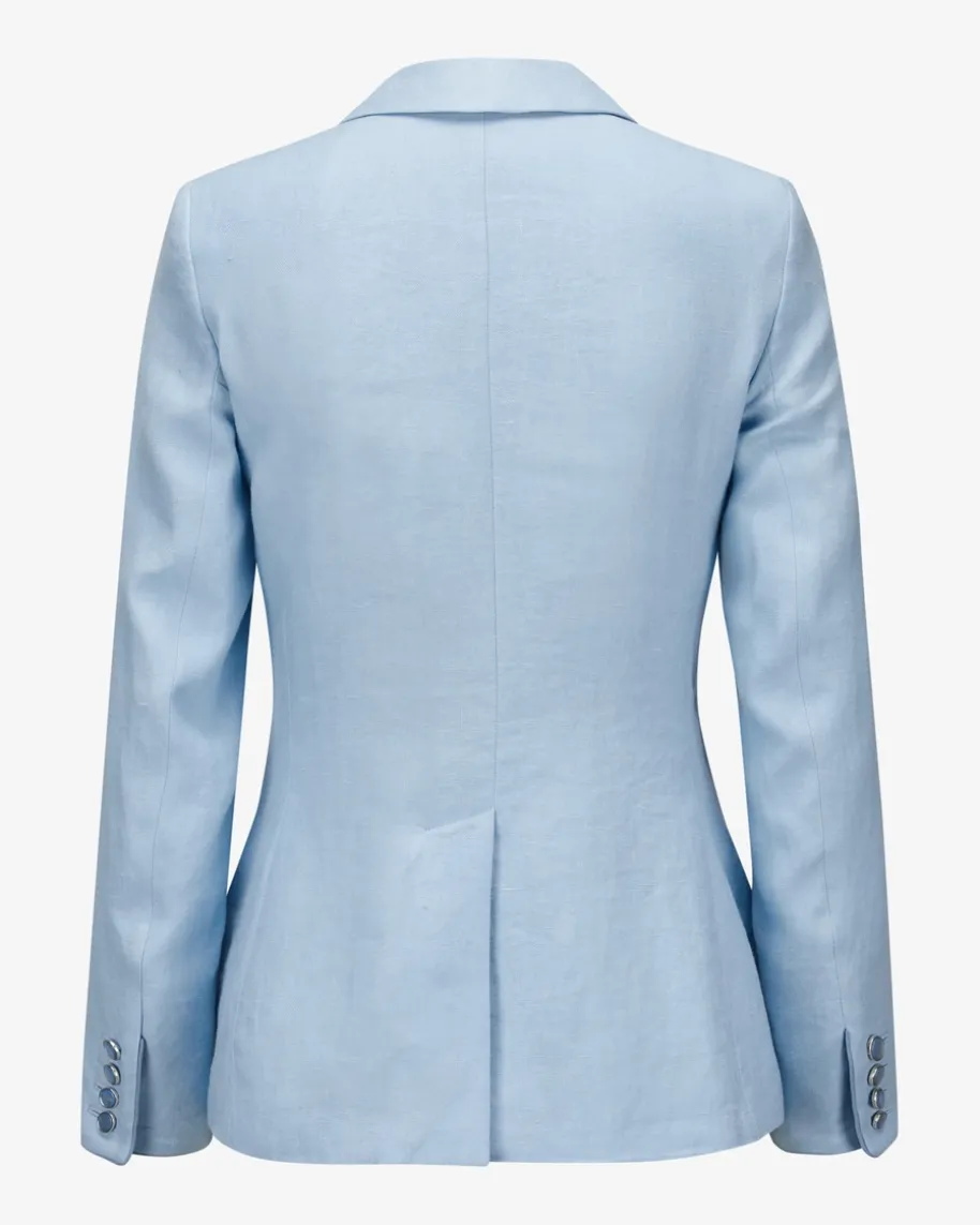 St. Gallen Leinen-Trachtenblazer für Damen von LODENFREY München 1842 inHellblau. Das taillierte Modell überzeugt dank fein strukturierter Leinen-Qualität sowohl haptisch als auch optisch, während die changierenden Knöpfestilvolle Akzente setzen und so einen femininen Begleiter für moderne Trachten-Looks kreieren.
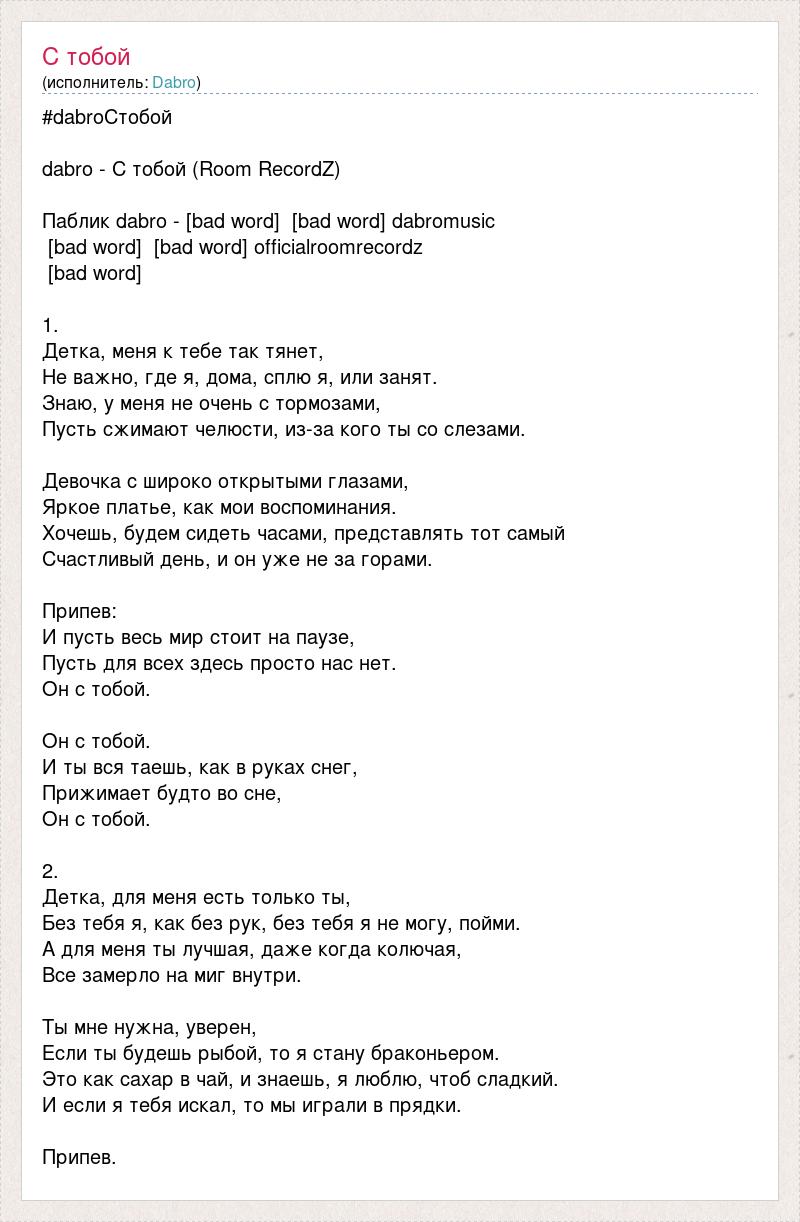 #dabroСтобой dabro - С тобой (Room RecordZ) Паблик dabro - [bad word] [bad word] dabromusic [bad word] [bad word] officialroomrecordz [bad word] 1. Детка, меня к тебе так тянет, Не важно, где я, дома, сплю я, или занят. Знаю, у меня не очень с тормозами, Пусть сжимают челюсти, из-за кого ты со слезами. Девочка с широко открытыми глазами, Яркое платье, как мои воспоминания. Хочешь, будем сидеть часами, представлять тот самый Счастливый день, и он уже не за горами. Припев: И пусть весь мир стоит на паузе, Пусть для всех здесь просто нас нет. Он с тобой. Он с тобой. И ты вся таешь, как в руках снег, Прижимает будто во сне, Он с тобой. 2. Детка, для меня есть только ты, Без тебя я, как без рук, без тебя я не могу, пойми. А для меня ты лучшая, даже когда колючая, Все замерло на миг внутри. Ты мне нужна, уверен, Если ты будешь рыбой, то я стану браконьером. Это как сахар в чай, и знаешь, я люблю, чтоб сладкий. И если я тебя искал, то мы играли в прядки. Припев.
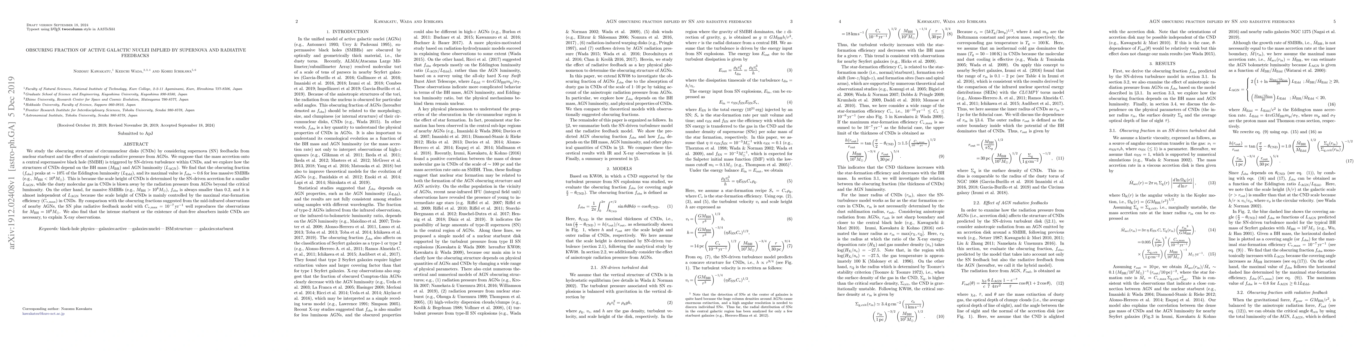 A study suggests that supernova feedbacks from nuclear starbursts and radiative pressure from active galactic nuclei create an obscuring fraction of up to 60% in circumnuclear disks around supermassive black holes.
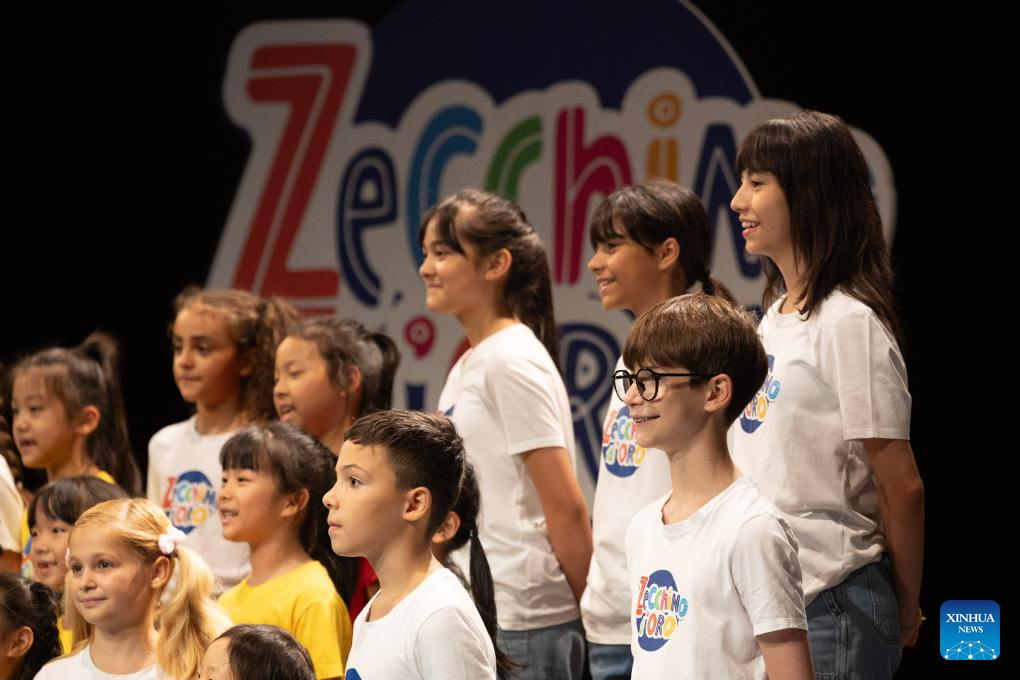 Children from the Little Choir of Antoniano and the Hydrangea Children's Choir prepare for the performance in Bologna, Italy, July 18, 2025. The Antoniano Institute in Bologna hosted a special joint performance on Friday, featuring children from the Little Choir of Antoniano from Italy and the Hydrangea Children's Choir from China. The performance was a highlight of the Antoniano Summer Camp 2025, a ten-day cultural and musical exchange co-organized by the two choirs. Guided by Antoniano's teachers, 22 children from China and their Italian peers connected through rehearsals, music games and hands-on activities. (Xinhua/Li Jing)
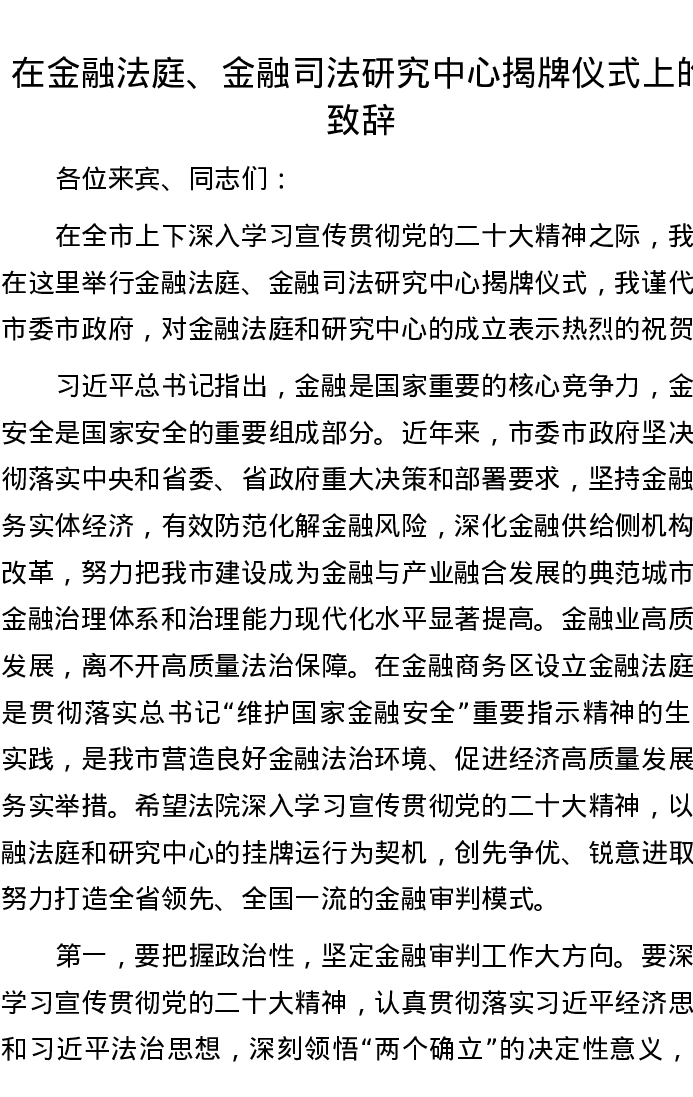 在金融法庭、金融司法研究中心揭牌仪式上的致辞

┄┄┄┄┄┄┄┄┄┄

Whatever the records hold apart from pictures should be repeated exactly.

_TASK ANSWER_.
 St. Gallen Leinen-Trachtenblazer für Damen von LODENFREY München 1842 inHellblau. Das taillierte Modell überzeugt dank fein strukturierter Leinen-Qualität sowohl haptisch als auch optisch, während die changierenden Knöpfestilvolle Akzente setzen und so einen femininen Begleiter für moderne Trachten-Looks kreieren.
 #dabroСтобой dabro - С тобой (Room RecordZ) Паблик dabro - [bad word] [bad word] dabromusic [bad word] [bad word] officialroomrecordz [bad word] 1. Детка, меня к тебе так тянет, Не важно, где я, дома, сплю я, или занят. Знаю, у меня не очень с тормозами, Пусть сжимают челюсти, из-за кого ты со слезами. Девочка с широко открытыми глазами, Яркое платье, как мои воспоминания. Хочешь, будем сидеть часами, представлять тот самый Счастливый день, и он уже не за горами. Припев: И пусть весь мир стоит на паузе, Пусть для всех здесь просто нас нет. Он с тобой. Он с тобой. И ты вся таешь, как в руках снег, Прижимает будто во сне, Он с тобой. 2. Детка, для меня есть только ты, Без тебя я, как без рук, без тебя я не могу, пойми. А для меня ты лучшая, даже когда колючая, Все замерло на миг внутри. Ты мне нужна, уверен, Если ты будешь рыбой, то я стану браконьером. Это как сахар в чай, и знаешь, я люблю, чтоб сладкий. И если я тебя искал, то мы играли в прядки. Припев.
 A study suggests that supernova feedbacks from nuclear starbursts and radiative pressure from active galactic nuclei create an obscuring fraction of up to 60% in circumnuclear disks around supermassive black holes.
 Children from the Little Choir of Antoniano and the Hydrangea Children's Choir prepare for the performance in Bologna, Italy, July 18, 2025. The Antoniano Institute in Bologna hosted a special joint performance on Friday, featuring children from the Little Choir of Antoniano from Italy and the Hydrangea Children's Choir from China. The performance was a highlight of the Antoniano Summer Camp 2025, a ten-day cultural and musical exchange co-organized by the two choirs. Guided by Antoniano's teachers, 22 children from China and their Italian peers connected through rehearsals, music games and hands-on activities. (Xinhua/Li Jing)
 在金融法庭、金融司法研究中心揭牌仪式上的致辞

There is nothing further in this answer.